Getting relational data as well formed XML structures out of SQL Server

 

I saw many times people having problems working with XML structures in SQL Server. It is that easy, even more with the new functionality in SQL Server 2005>. Most times people try to take the XML line with the least resistance and effort which would be XML AUTO. While XML AUTO is easy an fast to implement it might not give you the information in a way you want to work with in your application.

 

Let take a sample to see the outcomings (using the row constructors functionality for our base data):

 

Select * From
(
Values
('JOHN','SMITH'),
('JANE','BROWN'),
('JOE','GREEN')

) Names(First_Name, Last_Name)
FOR XML AUTO

 

will transform to:

 

<Names First_Name="JOHN" Last_Name="SMITH" />
<Names First_Name="JANE" Last_Name="BROWN" />
<Names First_Name="JOE" Last_Name="GREEN" />

 

For those people directly spooling the information to a file, this will bring back an ugly XML error in almost any XML viewer (like IE):

 

The XML page cannot be displayed

Cannot view XML input using XSL style sheet. Please correct the error and then click the Refresh button, or try again later.

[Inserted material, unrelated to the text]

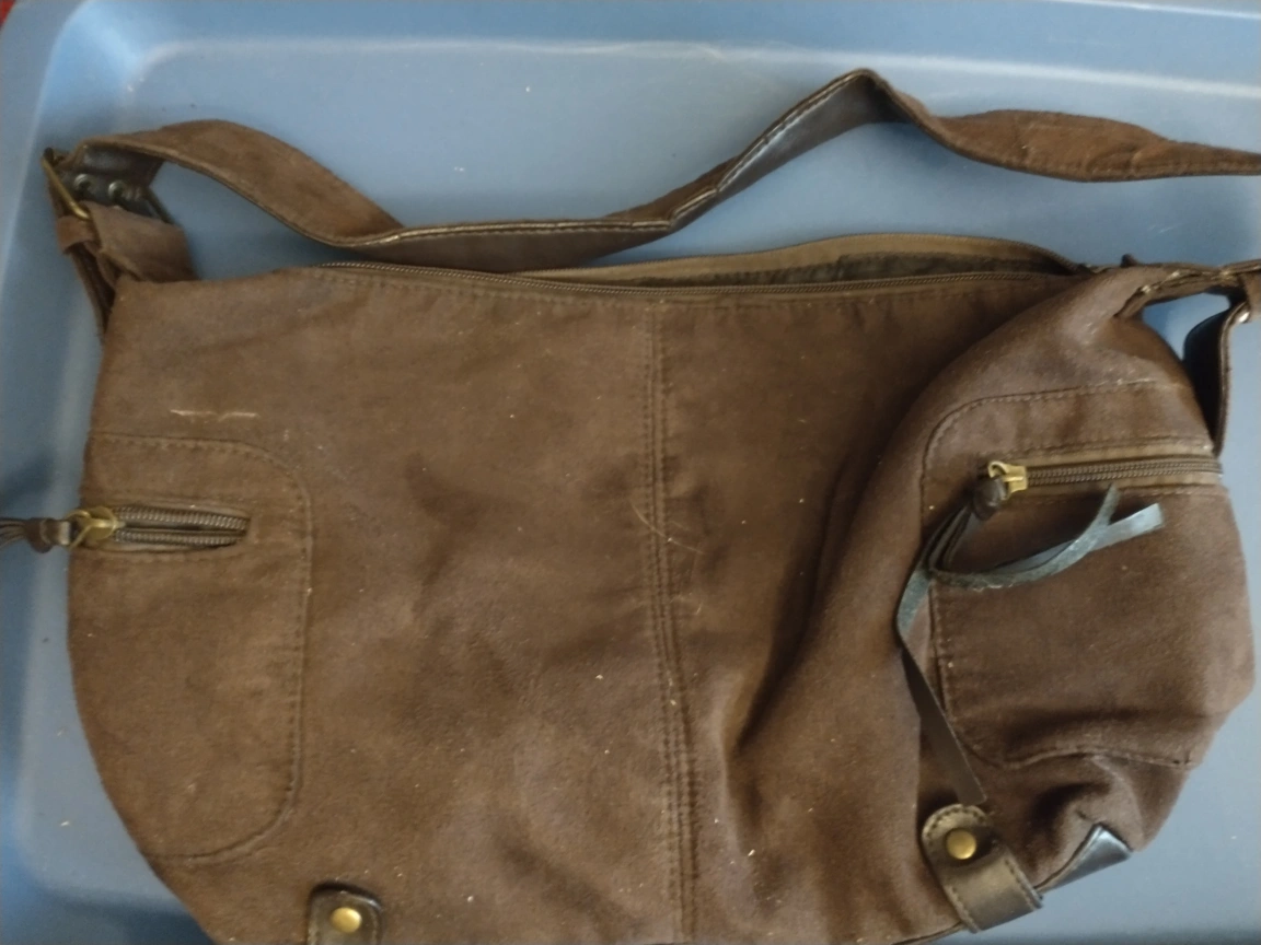 BROWN FAUX SUEDE PURSE. DIMENSIONS ARE 15 IN BY 9 IN X 5 IN WITH A 10-IN DROP. THE INSIDE HAS A ZIPPERED POCKET AND THE ZIPPER STILL WORKS. THE PULL TAB, FOR THE MAIN PART OF THE PURSE, IS MISSING, THE LOOP FOR IT IS STILL THERE SO THAT WOULD BE A QUICK FIX. NO IDEA WHAT HAPPENED TO IT.
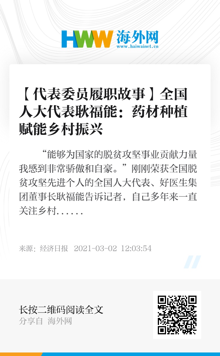 从2013年担任全国人大代表至今,耿福能代表进行了56次调研、74次发言,先后提出了93条建议。今年全国两会,耿福能代表将继续提出在脱贫摘帽地区大力发展道地中药材种植,壮大集体经济,强化教育扶贫,推广农业科技、现代化耕种,探索企业参与乡村振兴新模式等建议。(经济日报-中国经济网记者 吴佳佳)

Only one top level element is allowed in an XML document. Error processing resource (…)

 

So you need a root element. The root element is specified by the syntax ROOT (Suprise ?). So if you want the “Names” element as the root, use the following syntax.

 

Select * From
(
Values
('JOHN','SMITH'),
('JANE','BROWN'),
('JOE','GREEN')

) Names(First_Name, Last_Name)
FOR XML AUTO, ROOT('Customers')

 

<Customers>
<Names First_Name="JOHN" Last_Name="SMITH" />
<Names First_Name="JANE" Last_Name="BROWN" />
<Names First_Name="JOE" Last_Name="GREEN" />
</Customers>

 

Ok, much better, you are ready to open that with IE now. But you maybe do not want the values as attributes, you want them in a separate node PATH? Then you should use the …guess what… the PATH syntax.

 

Select * From
(
Values
('JOHN','SMITH'),
('JANE','BROWN'),
('JOE','GREEN')

) Names(First_Name, Last_Name)
FOR XML PATH ,ROOT('Names')

 

<Names>
<row>
<First_Name>JOHN</First_Name>
<Last_Name>SMITH</Last_Name>
</row>
<row>
<First_Name>JANE</First_Name>
<Last_Name>BROWN</Last_Name>
</row>
<row>
<First_Name>JOE</First_Name>
<Last_Name>GREEN</Last_Name>
</row>
</Names>

 

Looks already good but the "row" specified is left as an ugly artifact. PATH can have a parameter with specifying the name of the node name.

Select * From
(
Values
('JOHN','SMITH'),
('JANE','BROWN'),
('JOE','GREEN')

) Names(First_Name, Last_Name)
FOR XML PATH('Customer') ,ROOT('Names')

 

Pretty good now:

 

<Names>
<Customer>
<First_Name>JOHN</First_Name>
<Last_Name>SMITH</Last_Name>
</Customer>
<Customer>
<First_Name>JANE</First_Name>
<Last_Name>BROWN</Last_Name>
</Customer>
<Customer>
<First_Name>JOE</First_Name>
<Last_Name>GREEN</Last_Name>
</Customer>
</Names>

If you need more specific placement of data in the XML tree, like having the information like CustomerID as an attribute in the Customer noe, you would have to use the EXPLICIT keyword which would be implemented deeper in the query.

 

But that´s it for now and for simplicity.

 

-Jens